== PROMPT ==
Line by line, transcribe the data shown below.

(Stored items)
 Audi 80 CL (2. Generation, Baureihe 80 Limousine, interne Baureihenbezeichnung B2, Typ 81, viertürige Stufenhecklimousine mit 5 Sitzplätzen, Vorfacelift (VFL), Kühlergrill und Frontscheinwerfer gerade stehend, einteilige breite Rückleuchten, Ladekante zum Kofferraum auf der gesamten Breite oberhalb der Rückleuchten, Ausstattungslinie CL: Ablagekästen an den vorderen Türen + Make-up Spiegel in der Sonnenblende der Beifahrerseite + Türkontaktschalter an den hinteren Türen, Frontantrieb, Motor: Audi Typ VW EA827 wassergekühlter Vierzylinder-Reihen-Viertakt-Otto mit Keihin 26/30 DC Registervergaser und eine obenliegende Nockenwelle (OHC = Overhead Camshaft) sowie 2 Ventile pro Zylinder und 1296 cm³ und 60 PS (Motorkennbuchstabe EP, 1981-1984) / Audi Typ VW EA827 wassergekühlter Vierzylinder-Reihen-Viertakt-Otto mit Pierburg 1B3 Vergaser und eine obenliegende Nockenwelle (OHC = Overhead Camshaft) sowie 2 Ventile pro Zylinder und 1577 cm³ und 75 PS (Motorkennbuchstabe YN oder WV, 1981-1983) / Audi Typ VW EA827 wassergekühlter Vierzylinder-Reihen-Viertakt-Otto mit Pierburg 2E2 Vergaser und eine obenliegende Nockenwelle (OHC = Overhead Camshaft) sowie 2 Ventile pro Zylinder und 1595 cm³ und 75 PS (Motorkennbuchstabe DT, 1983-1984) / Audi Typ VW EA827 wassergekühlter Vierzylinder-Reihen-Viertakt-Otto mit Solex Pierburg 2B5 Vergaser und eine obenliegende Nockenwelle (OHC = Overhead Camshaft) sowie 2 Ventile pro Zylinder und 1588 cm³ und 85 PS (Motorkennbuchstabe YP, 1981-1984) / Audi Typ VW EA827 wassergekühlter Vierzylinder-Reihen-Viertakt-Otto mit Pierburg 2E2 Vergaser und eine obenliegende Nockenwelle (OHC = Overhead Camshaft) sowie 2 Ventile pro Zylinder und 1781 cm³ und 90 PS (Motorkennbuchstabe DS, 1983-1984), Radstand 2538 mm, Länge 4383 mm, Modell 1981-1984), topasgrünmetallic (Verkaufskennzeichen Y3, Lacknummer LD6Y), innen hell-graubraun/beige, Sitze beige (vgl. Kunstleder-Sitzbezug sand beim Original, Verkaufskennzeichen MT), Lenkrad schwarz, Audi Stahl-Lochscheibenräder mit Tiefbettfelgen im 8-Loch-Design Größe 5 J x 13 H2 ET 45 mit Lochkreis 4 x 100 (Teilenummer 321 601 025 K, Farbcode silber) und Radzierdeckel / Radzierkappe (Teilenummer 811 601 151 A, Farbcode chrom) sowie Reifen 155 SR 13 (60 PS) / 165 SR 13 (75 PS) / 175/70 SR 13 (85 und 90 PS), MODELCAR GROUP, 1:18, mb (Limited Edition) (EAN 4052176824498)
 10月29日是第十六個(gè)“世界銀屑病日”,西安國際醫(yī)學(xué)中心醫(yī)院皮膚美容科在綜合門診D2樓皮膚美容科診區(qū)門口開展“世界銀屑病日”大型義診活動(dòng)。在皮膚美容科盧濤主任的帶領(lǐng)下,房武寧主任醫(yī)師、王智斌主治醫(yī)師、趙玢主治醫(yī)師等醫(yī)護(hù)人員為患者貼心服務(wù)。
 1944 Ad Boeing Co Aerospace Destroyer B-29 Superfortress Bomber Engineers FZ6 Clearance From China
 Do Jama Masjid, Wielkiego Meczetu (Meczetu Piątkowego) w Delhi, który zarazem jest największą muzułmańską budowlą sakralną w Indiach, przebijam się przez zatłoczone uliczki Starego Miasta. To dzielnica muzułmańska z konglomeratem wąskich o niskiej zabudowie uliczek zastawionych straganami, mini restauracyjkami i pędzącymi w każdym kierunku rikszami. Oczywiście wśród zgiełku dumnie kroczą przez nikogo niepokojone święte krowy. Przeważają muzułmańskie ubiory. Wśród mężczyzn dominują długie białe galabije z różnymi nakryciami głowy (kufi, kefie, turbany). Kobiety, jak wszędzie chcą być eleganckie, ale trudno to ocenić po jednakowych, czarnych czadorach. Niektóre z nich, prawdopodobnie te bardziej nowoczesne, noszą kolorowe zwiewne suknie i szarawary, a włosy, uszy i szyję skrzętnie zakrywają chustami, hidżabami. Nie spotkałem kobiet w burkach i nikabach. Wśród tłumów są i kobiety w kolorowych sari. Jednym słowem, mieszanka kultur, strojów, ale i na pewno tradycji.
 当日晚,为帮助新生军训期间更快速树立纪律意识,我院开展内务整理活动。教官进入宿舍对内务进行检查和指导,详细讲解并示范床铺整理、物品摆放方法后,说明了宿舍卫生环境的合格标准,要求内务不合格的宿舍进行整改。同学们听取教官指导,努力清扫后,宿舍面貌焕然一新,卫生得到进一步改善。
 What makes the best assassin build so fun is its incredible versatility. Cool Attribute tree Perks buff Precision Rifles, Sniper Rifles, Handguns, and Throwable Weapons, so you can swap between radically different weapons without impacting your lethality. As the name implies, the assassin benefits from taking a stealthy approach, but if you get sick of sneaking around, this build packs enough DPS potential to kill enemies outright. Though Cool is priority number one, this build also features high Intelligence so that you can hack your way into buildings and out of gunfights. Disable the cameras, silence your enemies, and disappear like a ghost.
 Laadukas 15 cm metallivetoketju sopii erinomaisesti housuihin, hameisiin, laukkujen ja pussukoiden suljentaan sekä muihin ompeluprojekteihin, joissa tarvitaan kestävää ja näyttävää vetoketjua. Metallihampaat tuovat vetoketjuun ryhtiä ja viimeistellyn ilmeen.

== RESPONSE ==
 Audi 80 CL (2. Generation, Baureihe 80 Limousine, interne Baureihenbezeichnung B2, Typ 81, viertürige Stufenhecklimousine mit 5 Sitzplätzen, Vorfacelift (VFL), Kühlergrill und Frontscheinwerfer gerade stehend, einteilige breite Rückleuchten, Ladekante zum Kofferraum auf der gesamten Breite oberhalb der Rückleuchten, Ausstattungslinie CL: Ablagekästen an den vorderen Türen + Make-up Spiegel in der Sonnenblende der Beifahrerseite + Türkontaktschalter an den hinteren Türen, Frontantrieb, Motor: Audi Typ VW EA827 wassergekühlter Vierzylinder-Reihen-Viertakt-Otto mit Keihin 26/30 DC Registervergaser und eine obenliegende Nockenwelle (OHC = Overhead Camshaft) sowie 2 Ventile pro Zylinder und 1296 cm³ und 60 PS (Motorkennbuchstabe EP, 1981-1984) / Audi Typ VW EA827 wassergekühlter Vierzylinder-Reihen-Viertakt-Otto mit Pierburg 1B3 Vergaser und eine obenliegende Nockenwelle (OHC = Overhead Camshaft) sowie 2 Ventile pro Zylinder und 1577 cm³ und 75 PS (Motorkennbuchstabe YN oder WV, 1981-1983) / Audi Typ VW EA827 wassergekühlter Vierzylinder-Reihen-Viertakt-Otto mit Pierburg 2E2 Vergaser und eine obenliegende Nockenwelle (OHC = Overhead Camshaft) sowie 2 Ventile pro Zylinder und 1595 cm³ und 75 PS (Motorkennbuchstabe DT, 1983-1984) / Audi Typ VW EA827 wassergekühlter Vierzylinder-Reihen-Viertakt-Otto mit Solex Pierburg 2B5 Vergaser und eine obenliegende Nockenwelle (OHC = Overhead Camshaft) sowie 2 Ventile pro Zylinder und 1588 cm³ und 85 PS (Motorkennbuchstabe YP, 1981-1984) / Audi Typ VW EA827 wassergekühlter Vierzylinder-Reihen-Viertakt-Otto mit Pierburg 2E2 Vergaser und eine obenliegende Nockenwelle (OHC = Overhead Camshaft) sowie 2 Ventile pro Zylinder und 1781 cm³ und 90 PS (Motorkennbuchstabe DS, 1983-1984), Radstand 2538 mm, Länge 4383 mm, Modell 1981-1984), topasgrünmetallic (Verkaufskennzeichen Y3, Lacknummer LD6Y), innen hell-graubraun/beige, Sitze beige (vgl. Kunstleder-Sitzbezug sand beim Original, Verkaufskennzeichen MT), Lenkrad schwarz, Audi Stahl-Lochscheibenräder mit Tiefbettfelgen im 8-Loch-Design Größe 5 J x 13 H2 ET 45 mit Lochkreis 4 x 100 (Teilenummer 321 601 025 K, Farbcode silber) und Radzierdeckel / Radzierkappe (Teilenummer 811 601 151 A, Farbcode chrom) sowie Reifen 155 SR 13 (60 PS) / 165 SR 13 (75 PS) / 175/70 SR 13 (85 und 90 PS), MODELCAR GROUP, 1:18, mb (Limited Edition) (EAN 4052176824498)
 10月29日是第十六個(gè)“世界銀屑病日”,西安國際醫(yī)學(xué)中心醫(yī)院皮膚美容科在綜合門診D2樓皮膚美容科診區(qū)門口開展“世界銀屑病日”大型義診活動(dòng)。在皮膚美容科盧濤主任的帶領(lǐng)下,房武寧主任醫(yī)師、王智斌主治醫(yī)師、趙玢主治醫(yī)師等醫(yī)護(hù)人員為患者貼心服務(wù)。
 1944 Ad Boeing Co Aerospace Destroyer B-29 Superfortress Bomber Engineers FZ6 Clearance From China
 Do Jama Masjid, Wielkiego Meczetu (Meczetu Piątkowego) w Delhi, który zarazem jest największą muzułmańską budowlą sakralną w Indiach, przebijam się przez zatłoczone uliczki Starego Miasta. To dzielnica muzułmańska z konglomeratem wąskich o niskiej zabudowie uliczek zastawionych straganami, mini restauracyjkami i pędzącymi w każdym kierunku rikszami. Oczywiście wśród zgiełku dumnie kroczą przez nikogo niepokojone święte krowy. Przeważają muzułmańskie ubiory. Wśród mężczyzn dominują długie białe galabije z różnymi nakryciami głowy (kufi, kefie, turbany). Kobiety, jak wszędzie chcą być eleganckie, ale trudno to ocenić po jednakowych, czarnych czadorach. Niektóre z nich, prawdopodobnie te bardziej nowoczesne, noszą kolorowe zwiewne suknie i szarawary, a włosy, uszy i szyję skrzętnie zakrywają chustami, hidżabami. Nie spotkałem kobiet w burkach i nikabach. Wśród tłumów są i kobiety w kolorowych sari. Jednym słowem, mieszanka kultur, strojów, ale i na pewno tradycji.
 当日晚,为帮助新生军训期间更快速树立纪律意识,我院开展内务整理活动。教官进入宿舍对内务进行检查和指导,详细讲解并示范床铺整理、物品摆放方法后,说明了宿舍卫生环境的合格标准,要求内务不合格的宿舍进行整改。同学们听取教官指导,努力清扫后,宿舍面貌焕然一新,卫生得到进一步改善。
 What makes the best assassin build so fun is its incredible versatility. Cool Attribute tree Perks buff Precision Rifles, Sniper Rifles, Handguns, and Throwable Weapons, so you can swap between radically different weapons without impacting your lethality. As the name implies, the assassin benefits from taking a stealthy approach, but if you get sick of sneaking around, this build packs enough DPS potential to kill enemies outright. Though Cool is priority number one, this build also features high Intelligence so that you can hack your way into buildings and out of gunfights. Disable the cameras, silence your enemies, and disappear like a ghost.
 Laadukas 15 cm metallivetoketju sopii erinomaisesti housuihin, hameisiin, laukkujen ja pussukoiden suljentaan sekä muihin ompeluprojekteihin, joissa tarvitaan kestävää ja näyttävää vetoketjua. Metallihampaat tuovat vetoketjuun ryhtiä ja viimeistellyn ilmeen.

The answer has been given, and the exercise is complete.